However, you're also mostly inoffensive. If you were a violent alcoholic, you would cause such problems for your family, friends and the courts, that they would force you into rehab, where you'd get the support, training and encouragement to become functional. But since you're not causing anyone any major problems, most of the world are not motivated to help you become functional.
I basically decided to get better so I can actually have relationships that are intimate.
Getting tired of being virgin supreme and not having actual people in real life who can like me.
I struggle to be vulnerable emotionally. I have yet to figure out what it actually means.

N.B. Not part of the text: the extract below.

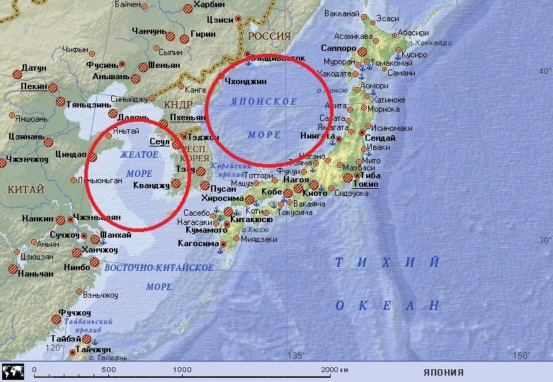 Если сравнить два этих моря, то можно сказать, что количество и мощность речных стоков будет больше у Жёлтого моря, так как в него впадают такие крупные реки как Янцзы и Хуанхэ, количество осадков тоже будет больше у Жёлтого моря, поскольку оно расположено южнее Японского, температура воздуха на поверхности будет выше у Жёлтого моря.Исходя из всего вышесказанного можно сделать вывод,что солёность Жёлтого моря будет ниже (около 32‰), чем солёность Японского (34‰)

I've seen CPTSD mentioned in the last 10 years by several Americans, most of which clearly have multiple ego-based problems, but not the sort of problems that one would associate with a traumatic childhood.
I have what they call big T and small t traumas. Ergo big T is something considered big and small t is like emotional neglect.
Most of my early years is big T and rest of my childhood is just vanilla small t.
Apparently downplaying my trauma is common problem.
Sometimes its easier to joke about it than actually feel it.

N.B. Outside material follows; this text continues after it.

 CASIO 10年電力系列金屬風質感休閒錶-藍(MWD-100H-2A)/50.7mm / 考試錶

PTSD itself was a label for a host of conditions that developed in war veterans. The old name for it was "shell shock", which referred to the common reaction of veterans of WW1, when hearing a loud noise, to react as if they were being shelled like they used to be in WW1. However, that also wasn't because they were shelled once, but because they were shelled so often that their minds formed a strong mental association between loud noises and being bombed.
I have emotional flashbacks and dissociative defense mechanisms.
Ergo today I was insecure about something and instead of facing the problem I spent half hour lecturing someone imaginary in my head as if they were real.
The dissociating is not usually to do with the actual problem either.
I could have an invisible lecture about economy, but actual fail to do something trivial like vacuum the rug properly.
Daydreaming and fantasy is also problem.
I made strong emotional association that school is pain, that authorities are not trust worthy, and that relationships are bad.
Also expressing emotions leads to punishment or actual harm.
I also learned that saying no is not good or even possible, and that being myself will lead to being ridiculed or attacked.
I also have an association that success equals problems. Which is hard because success often does lead to new problems.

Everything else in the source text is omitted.